Un alloggio di 200 metri quadrati nel cuore di Napoli confiscato alla camorra ospiterà “Casa Comune“, il primo progetto di co-housing rivolto a ragazzi affetti da autismo, che offrirà loro percorsi di autonomia, occasioni di socializzazione, formazione e lavoro. Il progetto è ideato e realizzato da Foqus-Fondazione Quartieri Spagnoli, Consorzio Co.Re. e Associazione Quartieri Spagnoli, riuniti in un’Associazione temporanea d’impresa (Ati), alla quale è stato assegnato dal Comune di Napoli il bene confiscato. Questo sviluppo del progetto sarà curato soprattutto dal Consorzio Co.Re. e dall’Associazione Quartieri Spagnoli. La struttura potrà così accogliere per brevi periodi anche donne in difficoltà.
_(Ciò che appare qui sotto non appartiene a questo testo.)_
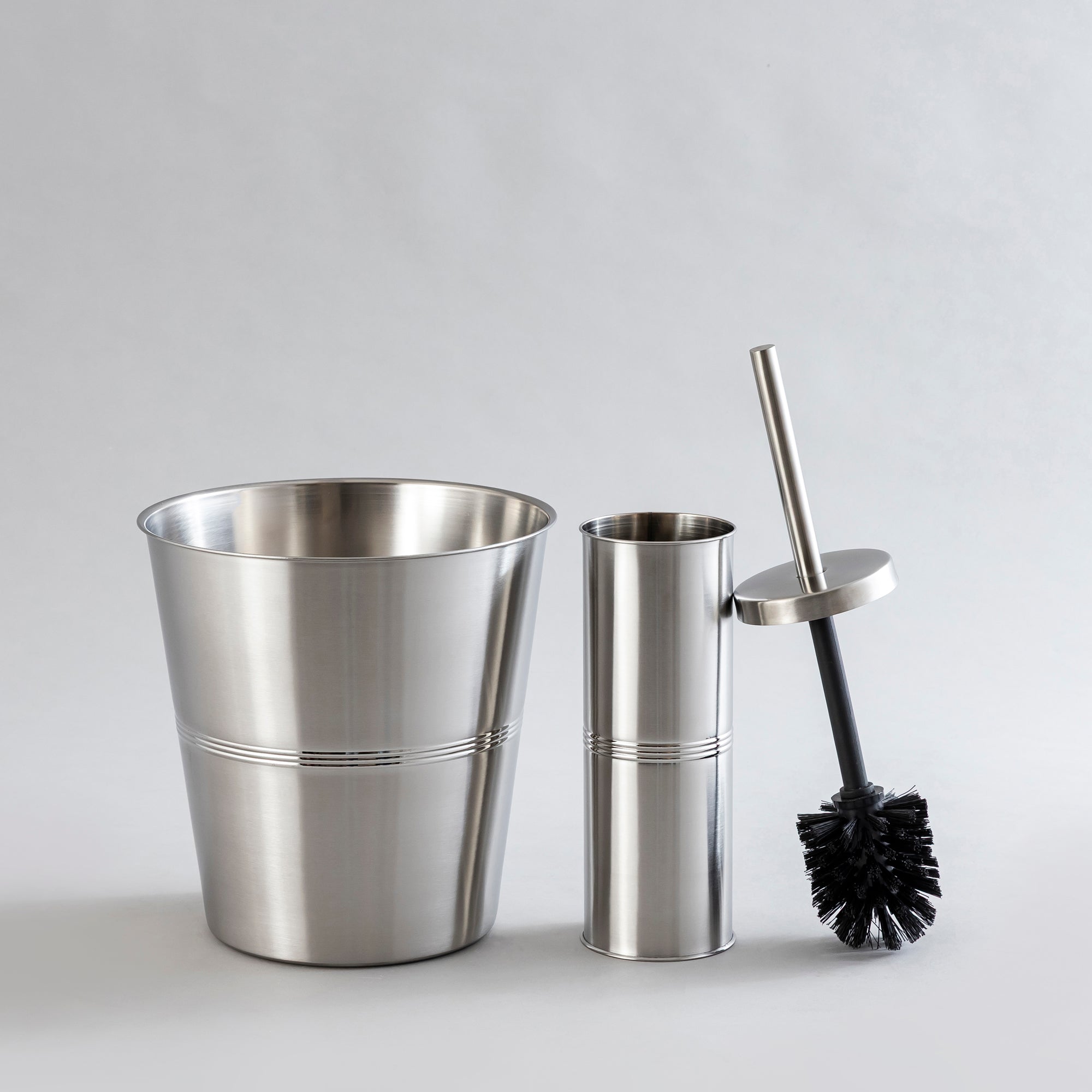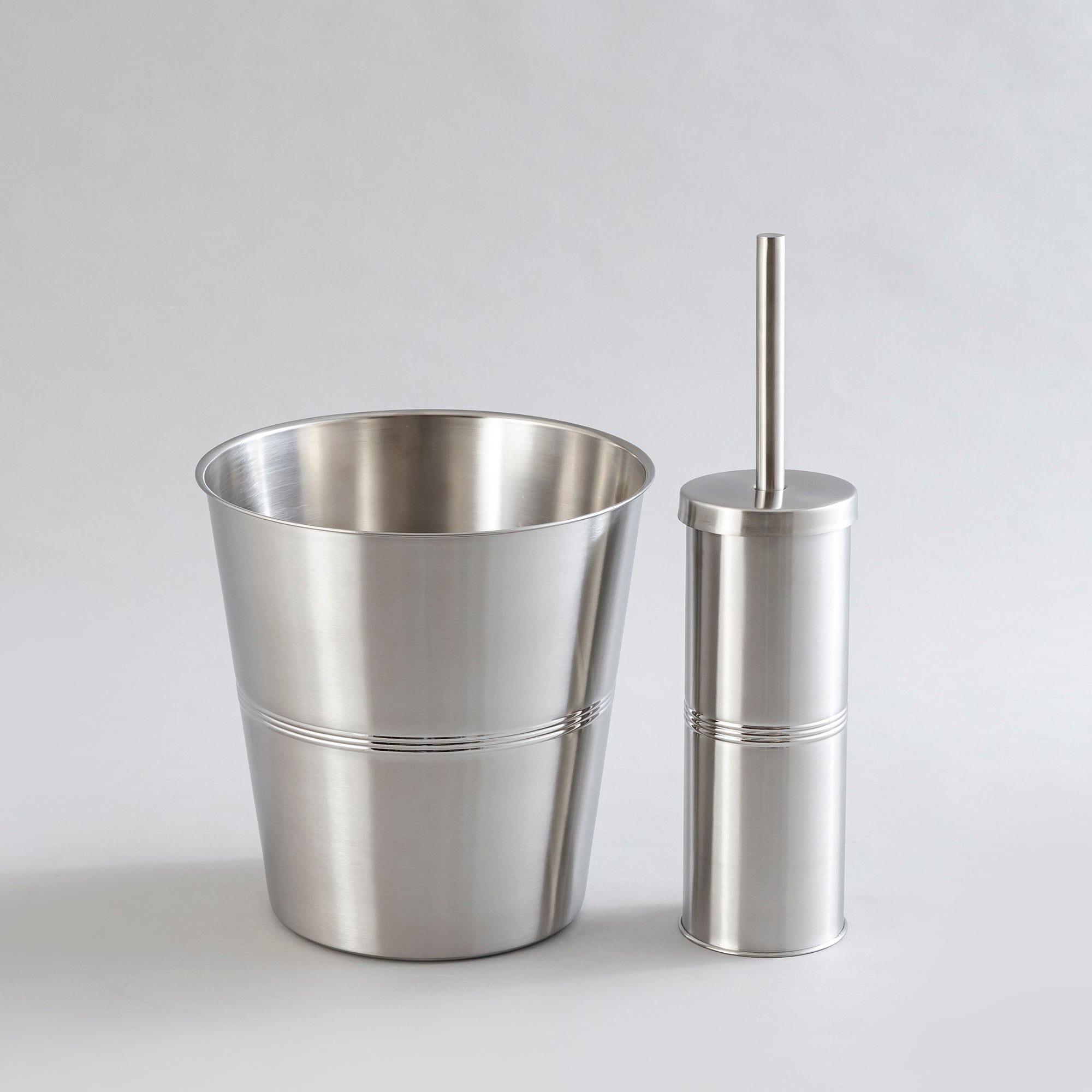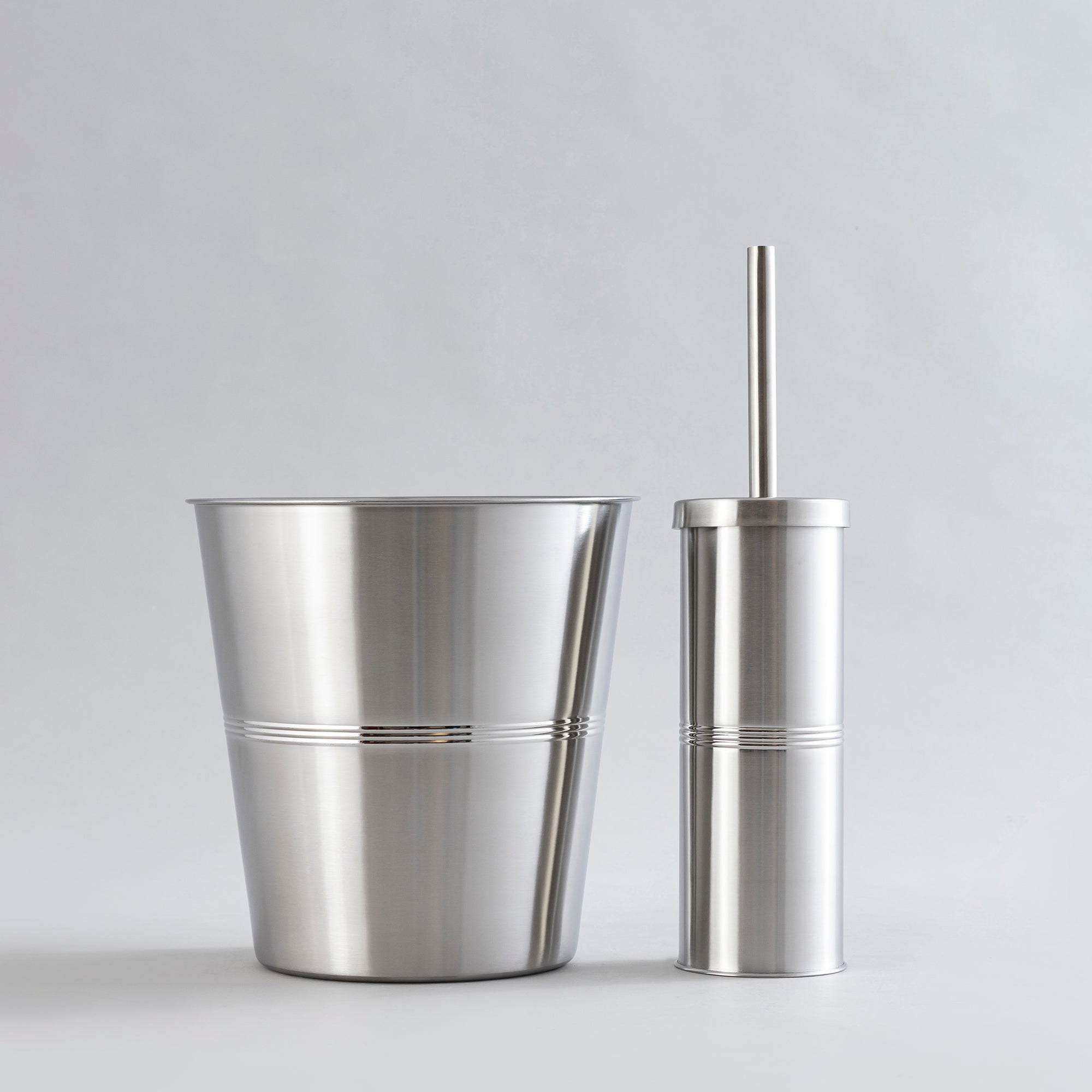 Shiny stainless steel waste bin and brush holder combo. Style 3

Per avviare tutte le attività previste nel progetto, sarà necessario realizzare importanti lavori di ristrutturazione dell’immobile, che versa in stato di profondo abbandono. L’apertura del cantiere è prevista nel mese di marzo. I lavori di ristrutturazione e rifunzionalizzazione della casa sono affidati, su progetto dell’Ing. Giuseppe Lombardi, alla Società di Ingegneria Bono srl e alla Aeffe & Partner srl, che parteciperanno al progetto anche con proprio specifico contributo. Innovativa la modalità di finanziamento del progetto: nel febbraio 2022, Guber Banca, banca privata con sede a Brescia, ha lanciato, su iniziativa di Fondazione Etica e Fondazione Foqus, il suo primo conto deposito vincolato dedicato a un progetto di innovazione a impatto sociale. Prendendo spunto dai “titoli di solidarietà” introdotti dalla legge 106 del 2016, Guber Banca ha deciso di offrire ai risparmiatori privati la possibilità di aprire un conto vincolato a 18 mesi, la cui remunerazione è doppia: da un lato, un tasso di interesse riconosciuto al cliente, dall’altro, il contributo concreto alla realizzazione del progetto napoletano. Oltre agli interessi maturati dal singolo cliente sul conto deposito, Guber Banca si impegna a versare un ulteriore 0,50% annuo delle somme vincolate per la realizzazione della Casa Comune a Napoli, ricevendo un’ampia adesione della sua clientela al progetto. L’iniziativa si avvale anche dell’esperienza e del supporto di Fondazione Etica, da tempo impegnata nella valorizzazione del risparmio in programmi di impatto sociale.

I sostenitori e i partners del progetto

Guber Banca
Guber, fondata nel 1991 da Francesco Guarneri e Gianluigi Bertini, si posiziona tra gli operatori leader nel settore del Credit Management in Italia con più di 10 miliardi di euro di crediti in gestione. Specializzata nella gestione e recupero di portafogli di crediti non performing, è attiva anche nelle macroaree dedicate all’acquisto diretto di crediti e ai servizi due diligence & advisory, anche in ambito real estate. Nel marzo 2018 Guber ha ottenuto la licenza bancaria dalla BCE e ha quindi avviato, parallelamente all’attività core di gestione dei crediti problematici, il progetto banca digitale che, nell’ottobre dello stesso anno, ha visto il lancio del primo prodotto digitale finalizzato alla raccolta e denominato “Deposito102” e, nel mese di settembre 2019, la presentazione al mercato del secondo prodotto digitale, finalizzato all’impiego, denominato “Anticipo102”.

Fondazione Etica
Fondazione Etica (FE) è una fondazione nazionale, indipendente e no-profit, costituitasi a Milano nel 2008. Lavora come centro di ricerca applicata, occupandosi prevalentemente di innovazione delle pubbliche amministrazioni, trasparenza e prevenzione della corruzione, innovazione a impatto sociale. Il suo obiettivo è contribuire alla creazione di valore pubblico. È, per questo, partner, tra gli altri, di World Bank per il programma di Social Accountability, European Commission per la qualità della public governance, Amministrazioni centrali e locali per il miglioramento dell’efficienza e della trasparenza, Università come Cattolica e Luiss, Caritas, Libera e Fondazione Italia Sociale per l’innovazione sociale.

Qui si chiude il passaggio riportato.